Often criticized for lagging other OEMs in the development of new technologies, Ford has chosen to rectify this by partnering with – or even purchasing shares in – startups and technology leaders that show promise.

Volkswagen is one such company that is intent on becoming the leader in producing affordable yet profitable EVs for the masses, based on its flexible and scalable MEB platform.

While Tesla has proven that EVs in the luxury segment of the market are viable, VW aims to reinvent the people’s car as an EV for the 21st century. In what could become another historical event the first of these electric people’s cars, the ID3, went into production in November in Zwickau, Germany.

What’s more, through a collaborative agreement, Ford will gain access to the same platform to produce over 600,000 MEB-based vehicles in Europe over a six-year period starting in 2023.

Although the Ford EV will be designed and developed at Ford's development center in Merkenich near Cologne, up-front development costs will be slashed by using the modular MEB. Volkswagen on the other hand could rake in up to $20bn in revenue by supplying MEB parts and components, while at the same time leveraging the economies of scale to reduce costs.

Further benefits will be extracted from the alliance by boosting resources and investment in self-driving specialist Argo AI, in which Ford currently holds the majority stake. This will come in the form of a $2.6bn investment by VW, with Ford injecting the remaining $600million of its previously announced $1bn cash commitment into the venture. What is more the deal will increase the alliance’s global skills base to over 700 personnel.

However, despite the lofty objectives of the plethora of alliances and mergers setup to meet the challenges of the rapidly evolving mobility landscape, not all prove to be profitable or even viable.

BMW and Daimler call it quits on car sharing in North America

Touted by many to be the end game in mobility, car sharing took a series of knocks in 2019 that dramatically illustrate the unresolved challenges faced by the business model.

The latest – and possibly the most significant – of these came in late December when one of the largest companies, the recently merged BMW/Daimler business ShareNow, announced that it would be withdrawing completely from North America and end operations in London, Brussels and Florence, effective February 29, 2020.

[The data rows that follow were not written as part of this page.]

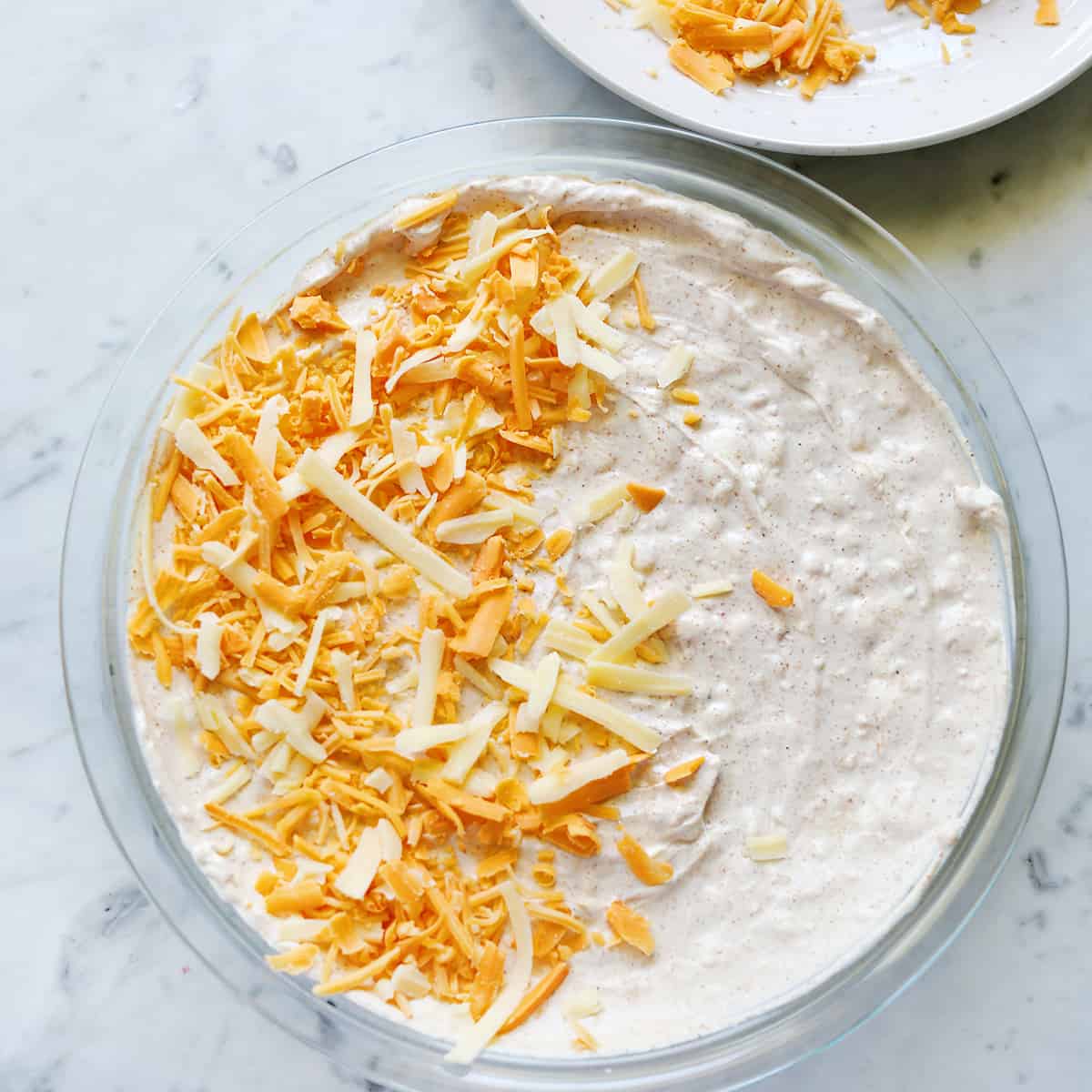 Spread this mixture into a pie pan or 8×8 square baking dish. Other serving dishes can work too, but the amount this recipe makes fit well in these sized dishes, so keep that in mind.
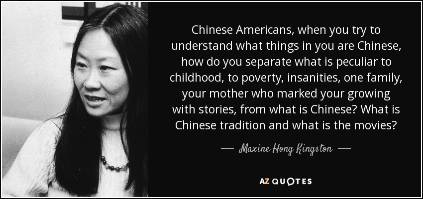 Chinese Americans, when you try to understand what things in you are Chinese, how do you separate what is peculiar to childhood, to poverty, insanities, one family, your mother who marked your growing with stories, from what is Chinese? What is Chinese tradition and what is the movies?
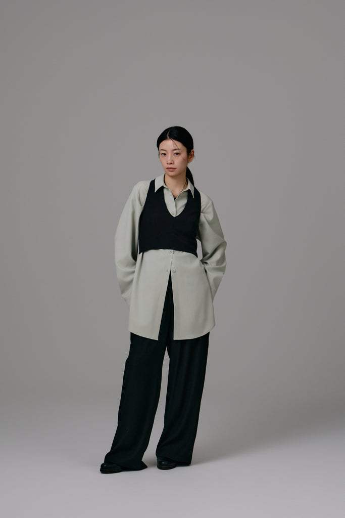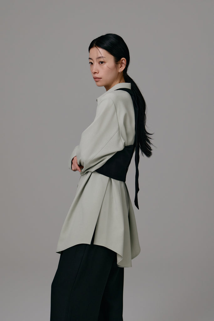 同素材のback satin straight pantsとの合わせはもちろん、シンプルなコーディネートにプラスするだけで洗練されたレイヤードスタイルが完成するプラスワンアイテムです。
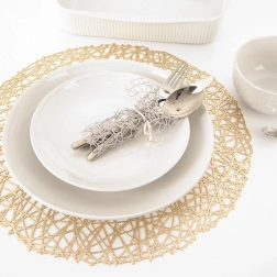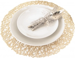 Ta okrogla podloga v zlati barvi je odličen dodatek za jedilno mizo ali klubsko mizico. Zaradi sijoče površine deluje izjemno elegantno in se zlahka kombinira s klasičnimi in modernimi interierji. Primerna pod krožnike, jedilni pribor in dekoracije, obenem pa zanesljivo ščiti površino mize.

While ShareNow might be the latest car sharing casualty, it isn’t the only project to have failed in 2019. Earlier in the year, GM announced that it was pulling its Maven service out of eight North American cities, with Chariot, the micro-transit service owned by Ford, also terminating operations in February.

This apparent collapse of the car sharing market in these regions would have been unthinkable five years ago. By the middle of the decade nearly every major automaker was developing an ambitious plan based on car sharing. However, today the focus has largely shifted to either ride hailing or car subscription models.

These few attention-grabbing stories that made the headlines in 2019 were selected as a representation of the relentless disruption the industry is undergoing, as well as the successes, challenges and potential solutions that are likely to drive the headlines deep into the next decade.